Unifying this latest punishment with a previous sentence of six years and eight months from a previous trial related to threatening judicial officials, Judges Hebe Marcogliese, Rafael Coria and Pablo Pinto ruled that Cantero should serve 28 years and eight months behind bars.
He is unlikely to be released from prison, given that other previous convictions have already left him facing 83 years and eight months behind bars.
The gang leader was accused of instigating seven of 14 attacks carried out by Los Monos against the homes of prosecutors, judges and judicial buildings. He was also convicted of participating in “coercive threats,” aggravated by them being made anonymously, for the “use of a firearm” and for carrying out illegal acts with “the aim of impeding the free exercise of authority.”
Two other individuals, Lucía Uberti (Cantero’s former girlfriend) and Matías César, received sentences of 20 years in prison for the same crimes. Four others – Daniel ‘Teletubi’ Delgado (33 years and six months, thanks to unification of sentences related to three homicides), Leandro Daniel Olivera (11 years), Leonel Alejandro Fernández (8 years) and Damián Oscar Chávez (7 years) – also received jail terms.
Four others plead guilty before the court and were sentenced in abbreviated procedures last month.
Disturbing details from the trial, which featured around 100 witnesses, have made headlines in Argentina in recent weeks, while Cantero has appeared unrepentant in court. In the seven attacks for which he was convicted as the organiser, prosecutors revealed that the drug gang had hired hitmen to kill individuals for as little as 4,000 pesos.
When quizzed in court as to what he did for employment, the gang leader – who is being held at Marcos Paz prison in Buenos Aires Province, where prison guards recently discovered a landline phone connection in his cell – responded by saying he “hires hitmen to shoot at judges.”

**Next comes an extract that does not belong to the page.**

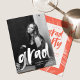 Invite guests to celebrate the grad with our photo graduation party invites! The modern graduation party invitations feature the graduate's photo with "grad" in a white brush script overlay. Personalise the front of the photo graduation party invitation by adding the graduate's name, school name, and graduation year. The invite reverses to display your graduation party details with a coral and white brush stroke background.
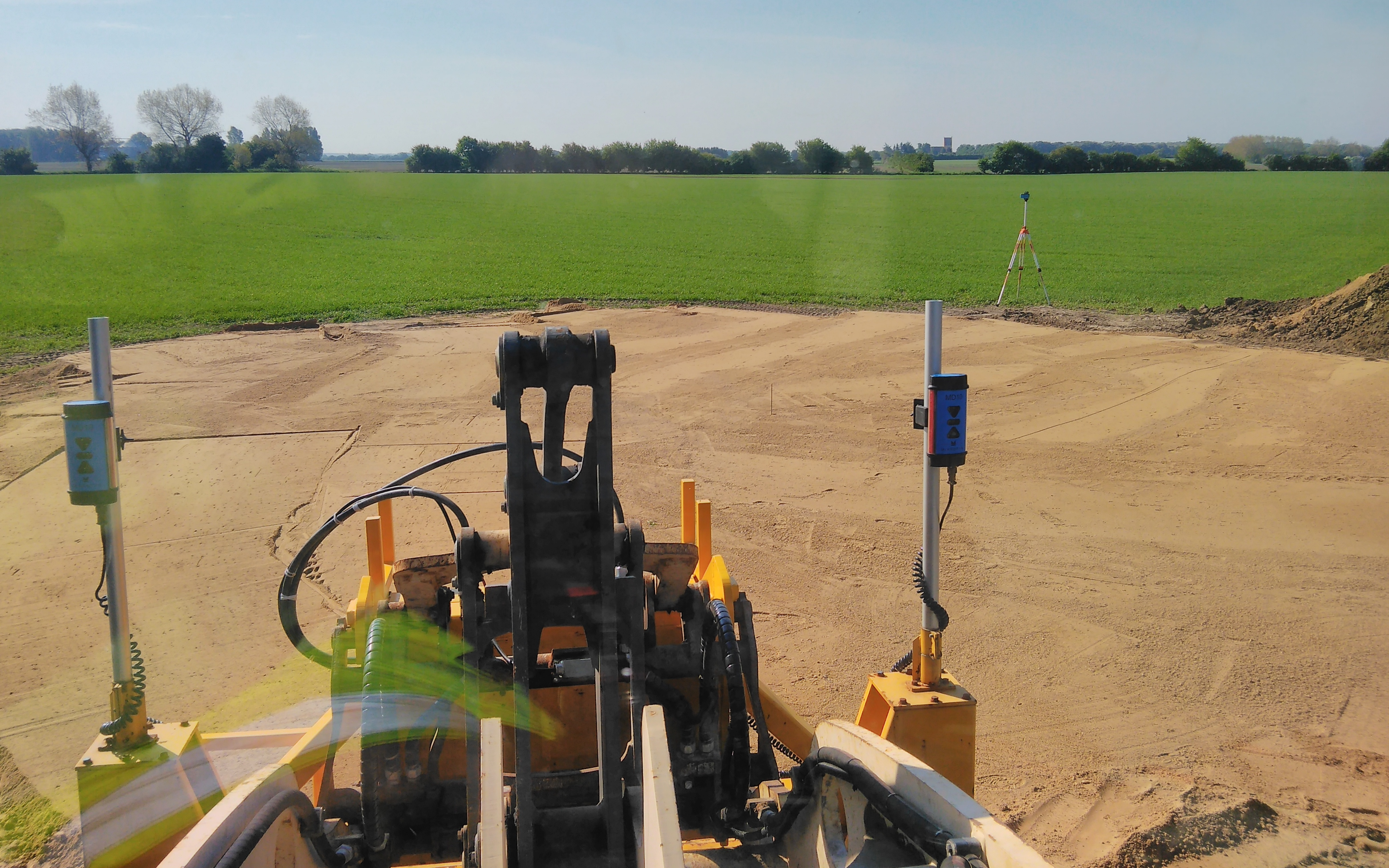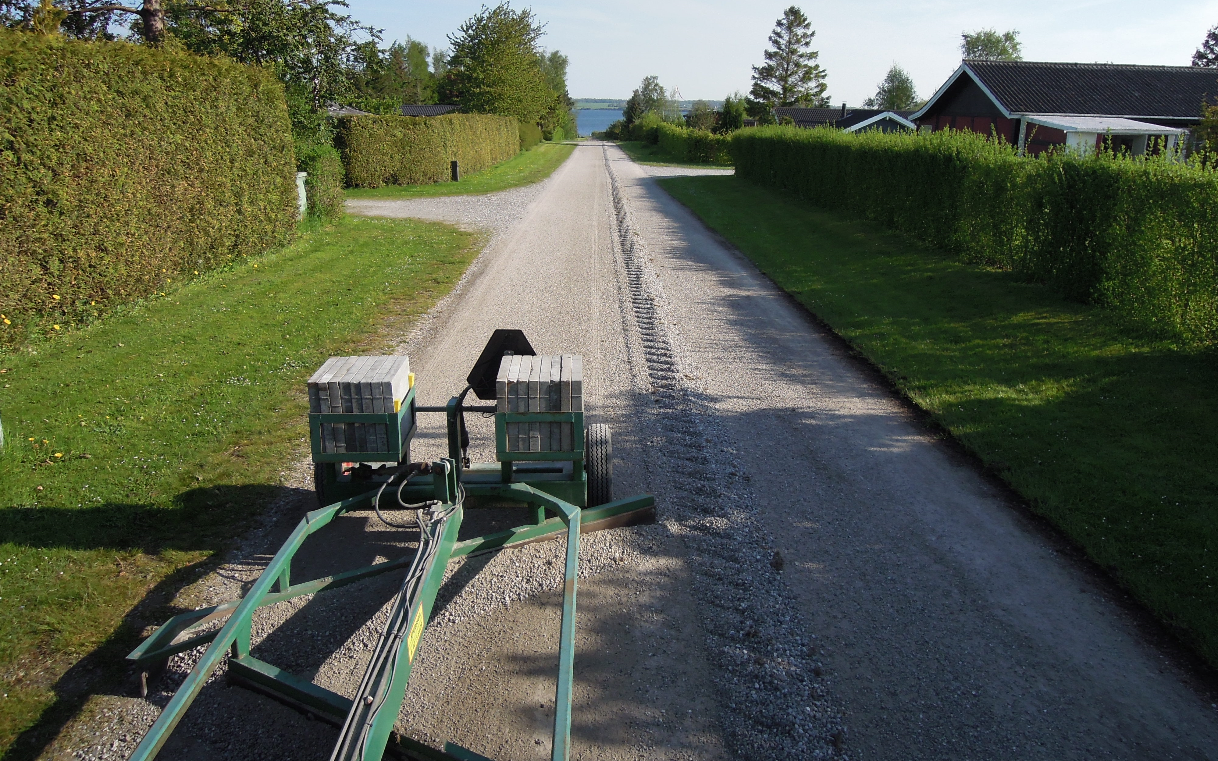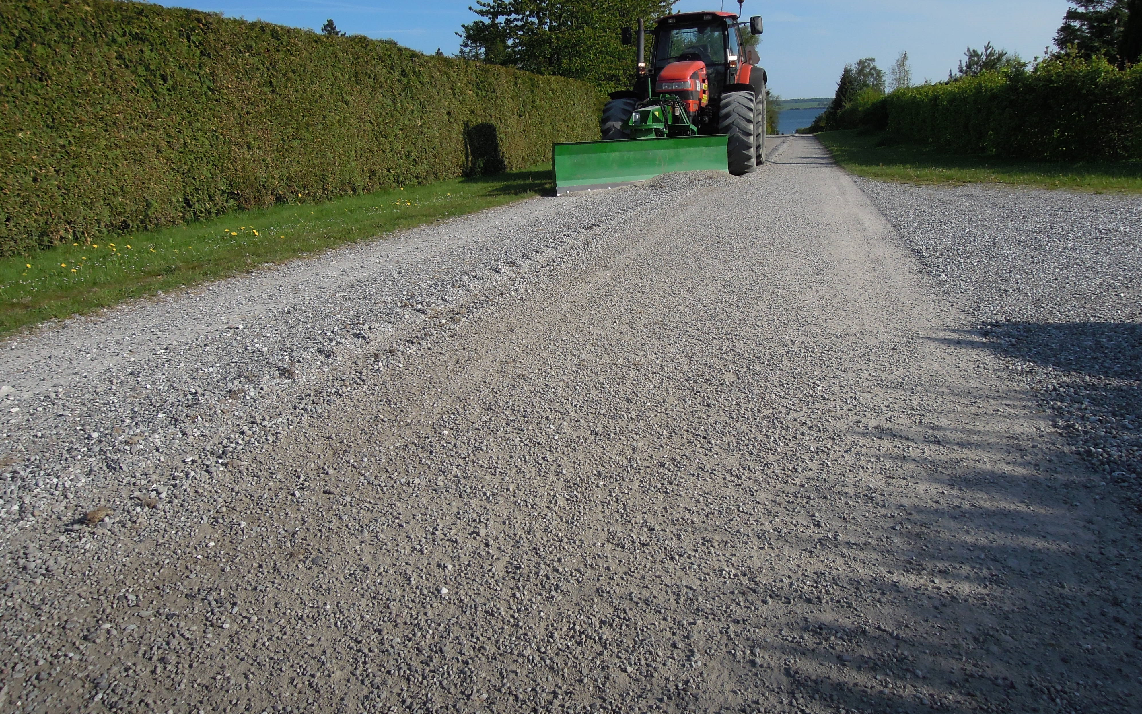 Laserafretter 2D til hurtig og nøjagtige afretning med eller uden fald af pladser, veje, ridebaner, belægninger, byggerier m.v. Vejhøvl til vedligeholdelse af veje, grusveje, stier og skovveje, udlægning af grus til stier og veje.

The trial has taken place amid tight security, following a surge in drug violence in Rosario over the past few weeks. On the last day of proceedings, as many as 250 police officers were deployed onto the streets to ensure events passed off smoothly.
"We aspire for this to be a turning point, a milestone from which a definitive brake will be put on the organisations that put democratic institutions in danger," said Judge Marcogliese during sentencing.
Those overseeing the court called on the state to do more to confront crime in Rosario and improve live for its residents.
"We hope that answers will not be reduced to the penal system, punishment and confinement, but also from social inclusion and equal opportunities. This is the only way to reduce the structural and cultural violence that punishes us all equally, and that seems to have no end," they wrote in a ruling.